** Records supplied **
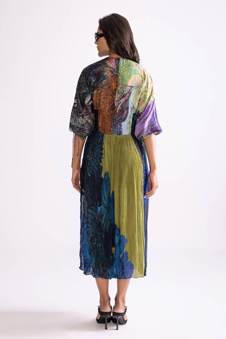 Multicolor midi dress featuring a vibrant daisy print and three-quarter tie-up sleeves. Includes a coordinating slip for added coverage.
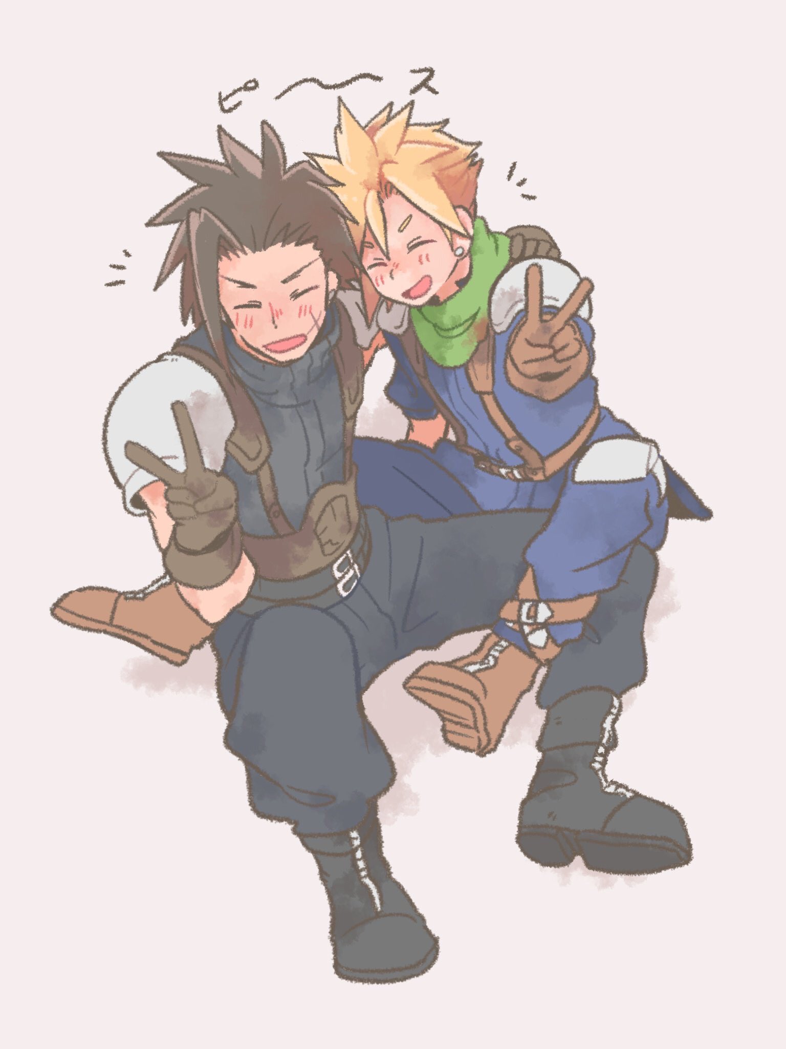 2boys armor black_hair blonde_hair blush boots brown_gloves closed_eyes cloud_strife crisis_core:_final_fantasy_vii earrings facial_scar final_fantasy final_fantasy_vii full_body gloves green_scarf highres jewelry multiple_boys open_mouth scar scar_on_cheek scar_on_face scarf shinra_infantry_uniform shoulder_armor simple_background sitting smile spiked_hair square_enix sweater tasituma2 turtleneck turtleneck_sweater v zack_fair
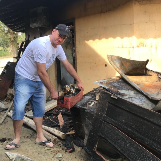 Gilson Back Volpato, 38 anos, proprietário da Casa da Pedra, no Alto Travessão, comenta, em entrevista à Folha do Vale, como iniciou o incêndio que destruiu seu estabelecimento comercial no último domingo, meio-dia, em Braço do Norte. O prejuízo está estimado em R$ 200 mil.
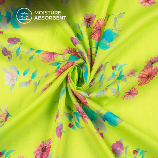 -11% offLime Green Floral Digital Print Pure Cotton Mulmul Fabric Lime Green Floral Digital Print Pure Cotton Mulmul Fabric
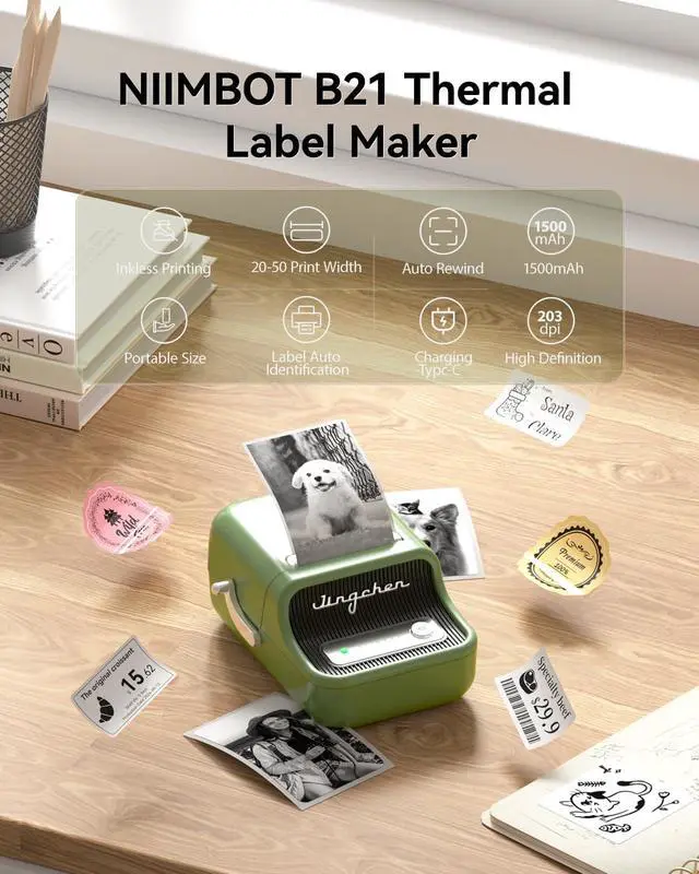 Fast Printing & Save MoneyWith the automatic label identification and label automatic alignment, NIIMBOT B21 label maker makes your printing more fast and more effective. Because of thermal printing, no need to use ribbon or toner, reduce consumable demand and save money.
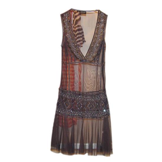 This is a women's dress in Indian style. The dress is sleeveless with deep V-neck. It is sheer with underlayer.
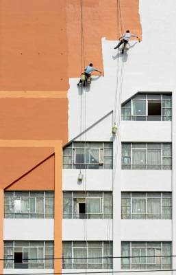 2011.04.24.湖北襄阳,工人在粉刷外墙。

---

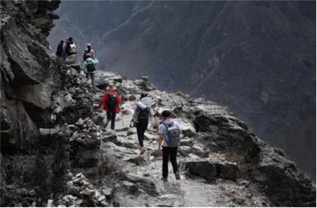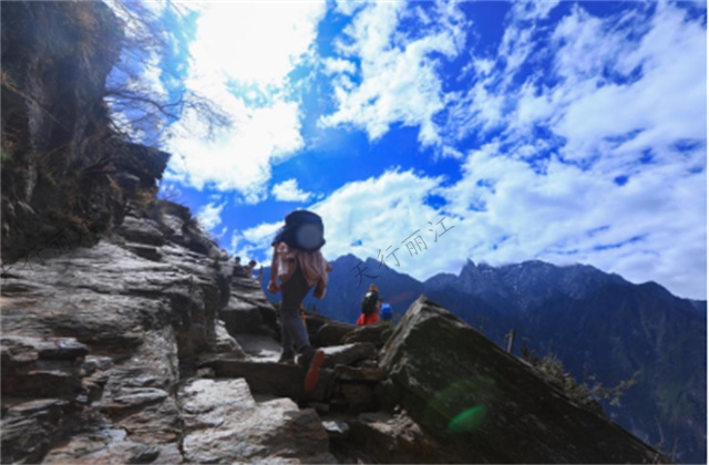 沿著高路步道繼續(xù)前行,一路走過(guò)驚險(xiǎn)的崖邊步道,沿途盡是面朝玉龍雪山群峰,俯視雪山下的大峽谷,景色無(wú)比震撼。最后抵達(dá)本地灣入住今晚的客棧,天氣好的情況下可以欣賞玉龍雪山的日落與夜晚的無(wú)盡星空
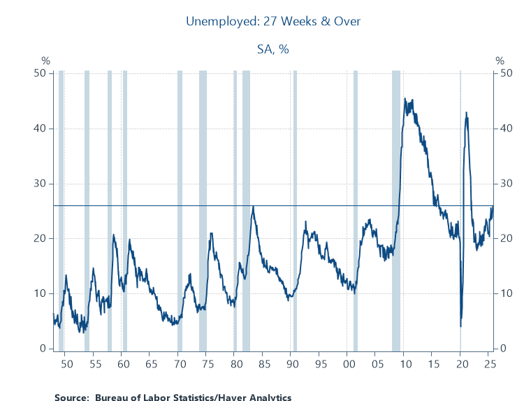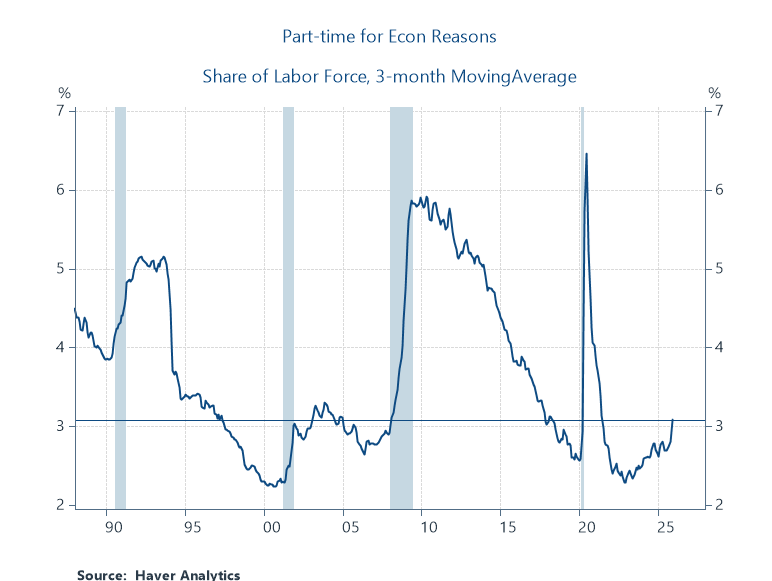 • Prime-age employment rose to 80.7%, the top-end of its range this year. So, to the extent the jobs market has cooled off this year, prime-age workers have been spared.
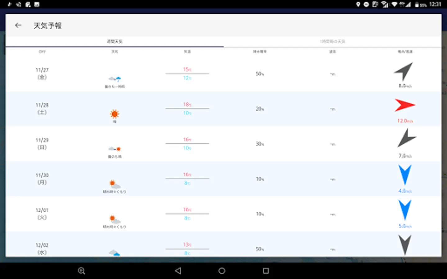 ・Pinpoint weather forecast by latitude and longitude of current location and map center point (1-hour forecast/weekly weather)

** What is being asked **
Using the data above, retype exactly the lines from the line with "Multicolor midi dress" to the line with "2011.04.24.湖北襄阳,工人在粉刷外墙。", inclusive. No pictures and nothing else.

** Written answer **
 Multicolor midi dress featuring a vibrant daisy print and three-quarter tie-up sleeves. Includes a coordinating slip for added coverage.
 2boys armor black_hair blonde_hair blush boots brown_gloves closed_eyes cloud_strife crisis_core:_final_fantasy_vii earrings facial_scar final_fantasy final_fantasy_vii full_body gloves green_scarf highres jewelry multiple_boys open_mouth scar scar_on_cheek scar_on_face scarf shinra_infantry_uniform shoulder_armor simple_background sitting smile spiked_hair square_enix sweater tasituma2 turtleneck turtleneck_sweater v zack_fair
 Gilson Back Volpato, 38 anos, proprietário da Casa da Pedra, no Alto Travessão, comenta, em entrevista à Folha do Vale, como iniciou o incêndio que destruiu seu estabelecimento comercial no último domingo, meio-dia, em Braço do Norte. O prejuízo está estimado em R$ 200 mil.
 -11% offLime Green Floral Digital Print Pure Cotton Mulmul Fabric Lime Green Floral Digital Print Pure Cotton Mulmul Fabric
 Fast Printing & Save MoneyWith the automatic label identification and label automatic alignment, NIIMBOT B21 label maker makes your printing more fast and more effective. Because of thermal printing, no need to use ribbon or toner, reduce consumable demand and save money.
 This is a women's dress in Indian style. The dress is sleeveless with deep V-neck. It is sheer with underlayer.
 2011.04.24.湖北襄阳,工人在粉刷外墙。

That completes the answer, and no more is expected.